Gopi intends to give the chain to a dealer named Freddy but finds out that Freddy has been caught by the police. The senior officer reveals that Veena had pleaded to save Gopi's life and had returned the stolen chain to avoid legal trouble. Gopi had sacrificed for Veena without revealing it. Veena realises Gopi's sincerity and calls off her wedding with Felix. She accepts Gopi's proposal, and the story ends with the couple starting a new chapter of their life together.

== Production ==
Jyothika was initially cast as Veena, but due to scheduling conflicts she was replaced by Bhavna Pani. A major part of the film was set and filmed at Howard Johnson's The Monarch Hotel in Ooty.

== Soundtrack ==

The songs were composed by the duo Berny-Ignatius and the film score was composed by S.P. Venkatesh. Lyrics were written by Rajeev Alunkal, B. R. Prasad and Nadirsha. "Oru Kathilola Njan Kandilla", "Mazhathullikal Pozhinjeedumi", "I Love you December" were successful upon release.
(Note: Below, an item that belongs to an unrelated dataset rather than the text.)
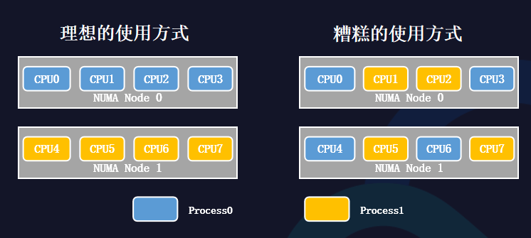 因此,從CPU體系結構中可以看到,如果采用一些錯誤的CPU分配方式,可能會導致進程訪存速度急劇下降,嚴重影響應用程序的性能。

| No. | Title | Singer(s) | Length |
|---|---|---|---|
| 1. | "Oru Kathilola (Raga:Shyam Kalyan)" | M. G. Sreekumar, Sujatha Mohan | 5:49 |
| 2. | "Illathe Kalyanathinu" | M. G. Sreekumar, Sujatha Mohan | 4:39 |
| 3. | "I Love You December" | Jyotsna Radhakrishnan, M. G. Sreekumar, Sayanora Philip | 4:41 |
| 4. | "Mazhathullikal" | M. G. Sreekumar | 4:41 |
| 5. | "Makkasai Makkasai" | M. G. Sreekumar, Nadirsha |  |
| 6. | "Illathe Kalyanathinu (Female)" | Sujatha Mohan | 4:39 |
| 7. | "Mazhathullikal (F)" | K. S. Chitra | 5:49 |

== Release==
Vettam was released on 20 August 2004 on the occasion of Onam. A month earlier, the Additional District Court in Ernakulam had issued a stay on the film's release following a petition from the owner of Shenoys Cinemax, who claimed the producers owed him ₹60 lakh. The producers also faced other financial difficulties. Dhanya theatre in Thiruvananthapuram had advanced ₹50 lakh to Suresh Kumar (who produced the film under his wife's and daughters' names) on condition that the film would be screened at their theatres in Kollam and Changanassery, which the distributor Swargachitra Appachan opposed. Remuneration for actor Dileep and the film's technicians remained unsettled, with Kumar reportedly facing liabilities of over ₹2 crore.

===Box office===
Vettam was released alongside Kazhcha, Natturajavu, and Sathyam. The film underperformed at the box office. Made on a budget of ₹2.25 crore, the film collected a distributor's share of ₹92 lakh in 35 days, according to Sify. On 24 September 2004, the film was discontinued from theatres for a day following a court order and resumed from the following day.

===Critical reception===
Critic from Deccan Herald found the storyline similar to French Kiss (1995) and described it as "an entertainer with a wafer-thin story" and added that "the first half of the film is fast-paced and entertaining, but loses its charm in the later stages". But praised the comedic performance of Dileep.